The first thing we need to do is make sure types with the same spelling are all regarded as representing the same group regardless of case. This can be done using the string, substring and upcase commands.
STRING TYPE2 (A10). COMPUTE TYPE2 = UPCASE(SUBSTR(TYPE,1,5)). EXE.
We then need to create a single column representing the number of times a particular message was sent in a week. This is done by decoupling the number from each rate and saving this as a numerical variable.
STRING COUNT(A1). COMPUTE COUNT=SUBSTR(FREQUENCY,1,1). EXE. RECODE COUNT (CONVERT) INTO COUNTN. EXE.
The number of times each particular message is sent per week can then be computed by looking for a particular character string and multiplying the number we have just obtained by a quantity dependent on this string. For example a message signified by '4-W' = 4x7 = 28 messages sent per week.
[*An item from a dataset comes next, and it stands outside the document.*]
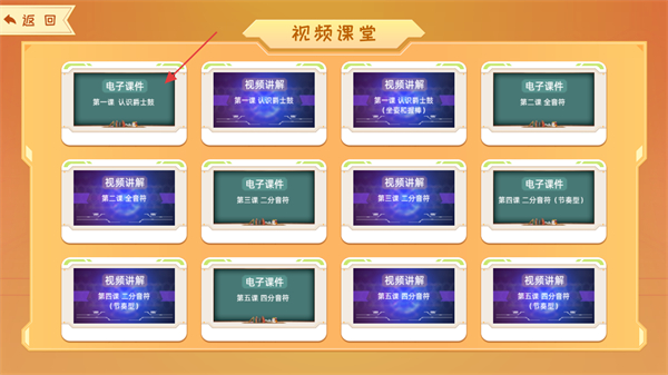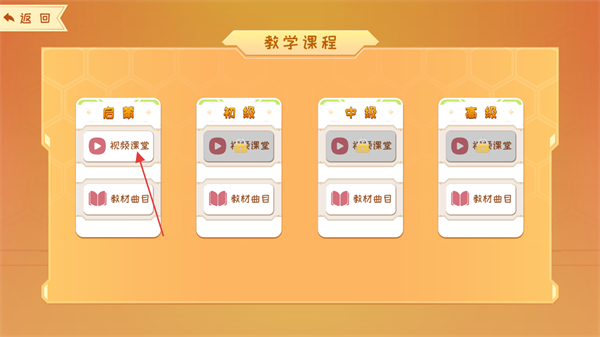 2、在教学课程页面,点击启蒙分类下的视频课堂,进入视频课堂页面。

This is achieved using the DO IF command to create the number of times each message is sent per week (NPW) .
DO IF INDEX(UPCASE(FREQUENCY),"D ")>0. COMPUTE NPW = COUNTN*7. COMPUTE DAILY =1. ELSE IF INDEX(UPCASE(FREQUENCY),"W ")>0. COMPUTE NPW = COUNTN. COMPUTE DAILY=0. ELSE IF INDEX(UPCASE(FREQUENCY),"-Y ")>0. COMPUTE NPW = COUNTN/52. COMPUTE DAILY=0. ELSE IF INDEX(UPCASE(FREQUENCY),"YEAR ")>0. COMPUTE NPW = COUNTN/52. COMPUTE DAILY=0. ELSE IF INDEX(UPCASE(FREQUENCY),"M ")>0. COMPUTE NPW = COUNTN/4. COMPUTE DAILY=0. ELSE IF INDEX(UPCASE(FREQUENCY),"OFF")>0. COMPUTE NPW = COUNTN/52. COMPUTE DAILY=0. END IF. EXE.
There may be a few cases where a rate has been expressed in a non-standard way (such as 2-D Mon-Thurs) has been entered and these will need to be entered manually. These can be identified by using the SORT CASES command which will sort the number per week (NPW) variable such that the cases at the top of the file will represent the non-standard rates.
SORT CASES BY NPW. EXE.
We need to do one final thing before we can obtain frequencies for each message type. If we ask for frequencies we will only obtain the number of different messages of a particular type. To take into account repeated messages we use the weight command to tell SPSS how many times per week each message is repeated.
weight by NPW. frequencies vars=type2. exe.
We can also obtain the number of messages sent per week per client in the same way.
weight by NPW. frequencies vars=Client_ID. exe.
When we have finished we swithc off the weight so that each row now returns to representing just one frequency.
WEIGHT OFF.
* DEFINE PAGER OR MOBILE MESSAGE USER
We can also obtain two-way frequency classifications for subgroups of types of data (e.g. for mobile users and pager users) using the SORT CASES and SPLIT FILE commands which reformat the data so that it duplicates whatever syntax commands we issue. As witht her WEIGHT command we also need to switch this facility off when we have finished using it.
SORT CASES BY PAGER_CLIENT. EXE. SPLIT FILE BY PAGER_CLIENT. weight by NPW. frequencies vars=type2. exe. WEIGHT OFF. SPLIT FILE OFF.